A database linking piano and orchestral MIDI scores with application to automatic projective orchestration
This article introduces the Projective Orchestral Database (POD), a collection of MIDI scores composed of pairs linking piano scores to their corresponding orchestrations. To the best of our knowledge, this is the first database of its kind, which performs piano or orchestral prediction, but more importantly which tries to learn the correlations between piano and orchestral scores. Hence, we also introduce the projective orchestration task, which consists in learning how to perform the automatic orchestration of a piano score. We show how this task can be addressed using learning methods and also provide methodological guidelines in order to properly use this database.
Léopold Crestel Philippe Esling Lena Heng Stephen McAdams
Music Representations, IRCAM, Paris, France
Schulich School of Music, McGill University, Montréal, Canada
Orchestration is the subtle art of writing musical pieces for the orchestra by combining the properties of various instruments in order to achieve a particular musical idea [koechli_orch, Rimsky-Korsakov:1873aa]. Among the variety of writing techniques for orchestra, we define as projective orchestration [esling2010dynamic] the technique which consists in first writing a piano score and then orchestrating it (akin to a projection operation, as depicted in \figreffig:orch). This technique has been used by classic composers for centuries. One such example is the orchestration by Maurice Ravel of Pictures at an Exhibition, a piano work written by Modest Mussorgsky. This paper introduces the first dataset of musical scores dedicated to projective orchestrations. It contains pairs of piano pieces associated with their orchestration written by famous composers. Hence, the purpose of this database is to offer a solid knowledge for studying the correlations involved in the transformation from a piano to an orchestral score.
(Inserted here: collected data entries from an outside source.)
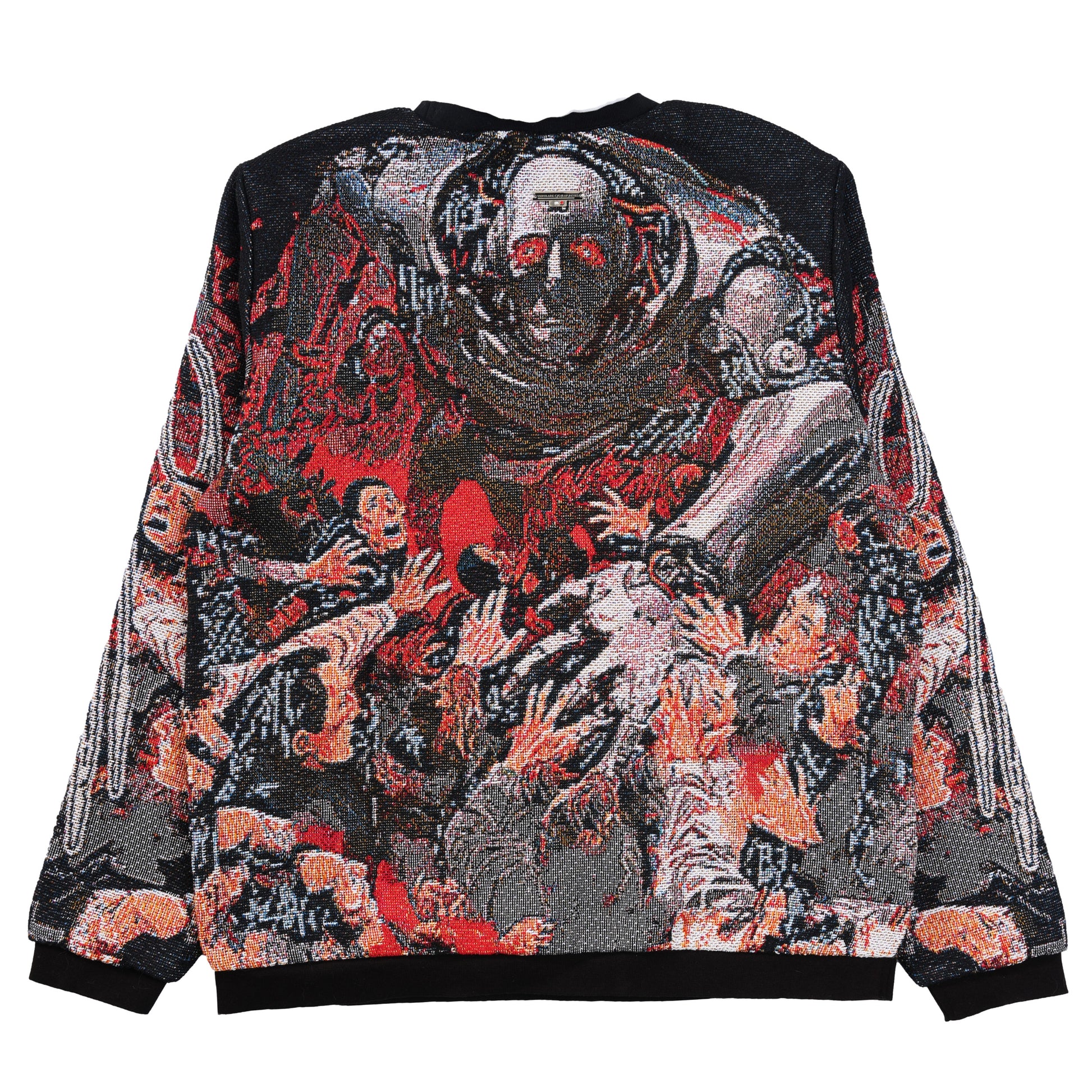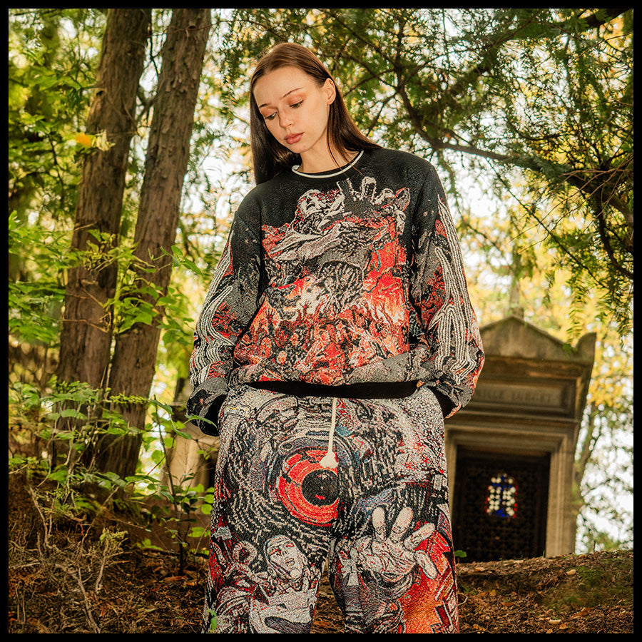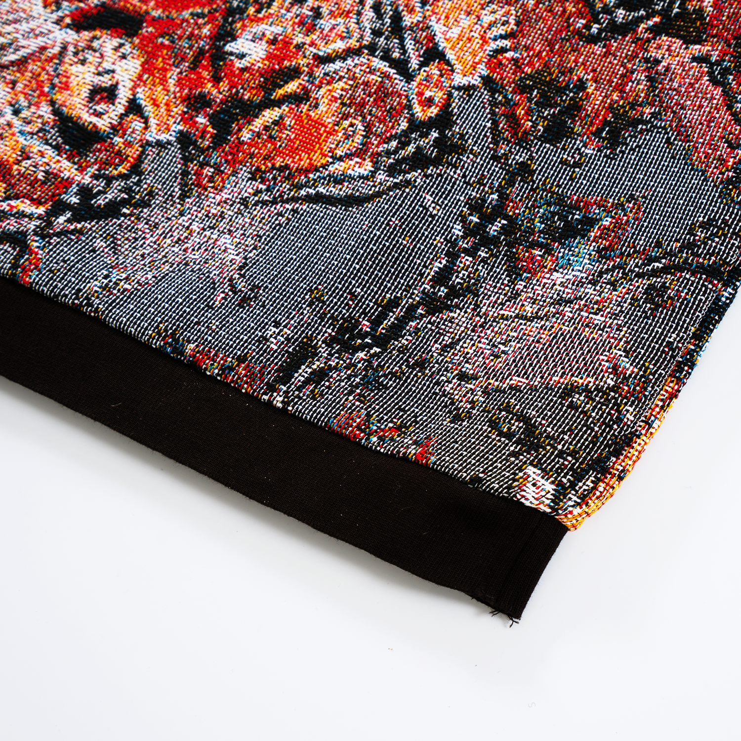 Tech specs: premium jacquard woven tapestry fabric (410gsm polycotton), embroidery @front, suede mini-ribbing (at bottom) | | | 100% wool ribbings @ sleeves (w/ intarsia logo at cuffs) & neck +++ satin silk lining (inside *fully*).
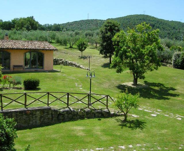 Volkomen beschut, naast een flinke strook lavendel, ligt het zwembad waar Maurizio me staat op te wachten. ‘Benvenuto!’ en samen lopen we rond over zijn terrein van 8 hectare. Telkens wil ik even stoppen: bij een mooi uitzicht over het oude stadje Todi of bij de ruime appartementen die inderdaad als kleine farmhouses aanvoelen met het onbewerkte hout, de open haard, de grote houten eettafel. Of nee, bij de ontelbaar veel olijfbomen of de tuin. “Wacht hier even,” zegt Maurizio als we onder het overdekte terras staan. Andere gasten drinken rustig een glaasje aan één van de tafels.
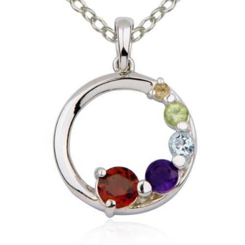 | Rhodium Plated Sterling Silver Genuine Multi-Gemstone Circle Pendant, 18" ...Read more |
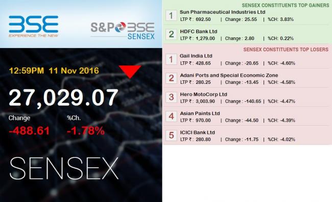 In the morning hours, Sun Pharma, BHEL, SBI and HDFC Bank were top gainers while GAIL, Hero MotoCorp, Asian Paints, ICICI Bank and HDFC were among the losers on Sensex on Friday.

The remainder of this paper is organized as follows. First, the motivations for a scientific investigation of orchestration are exposed (section 2). By reviewing the previous attempts, we highlight the specific need for a symbolic database of piano and corresponding orchestral scores. In an attempt to fill this gap, we built the Projective Orchestral Database (POD) and detail its structure in section 3. In section 4, the automatic projective orchestration task is proposed as an evaluation framework for automatic orchestration systems. We report our experiment with a set of learning-based models derived from the Restricted Boltzmann Machine [taylor2009factored] and introduce their performance in the previously defined evaluation framework. Finally, in section 5 we provide methodological guidelines and conclusions.
2 A scientific investigation of orchestration
Over the past centuries, several treatises have been written by renowned composers in an attempt to decipher some guiding rules in orchestration [koechli_orch, piston-orch, Rimsky-Korsakov:1873aa]. Even though they present a remarkable set of examples, none of them builds a systemic set of rules towards a comprehensive theory of orchestration. The reason behind this lack lies in the tremendous complexity that emerges from orchestral works. A large number of possible sounds can be created by combining the pitch and intensity ranges of each instruments in a symphonic orchestra. Furthermore, during a performance, the sound produced by a mixture of instruments is also the result of highly non-linear acoustic effects. Finally, the way we perceive those sounds involves complex psychoacoustic phenomena [lembke2012timbre, tardieu2012perception, mcadams2009perception]. It seems almost impossible for a human mind to grasp in its entirety the intertwined mechanisms of an orchestral rendering.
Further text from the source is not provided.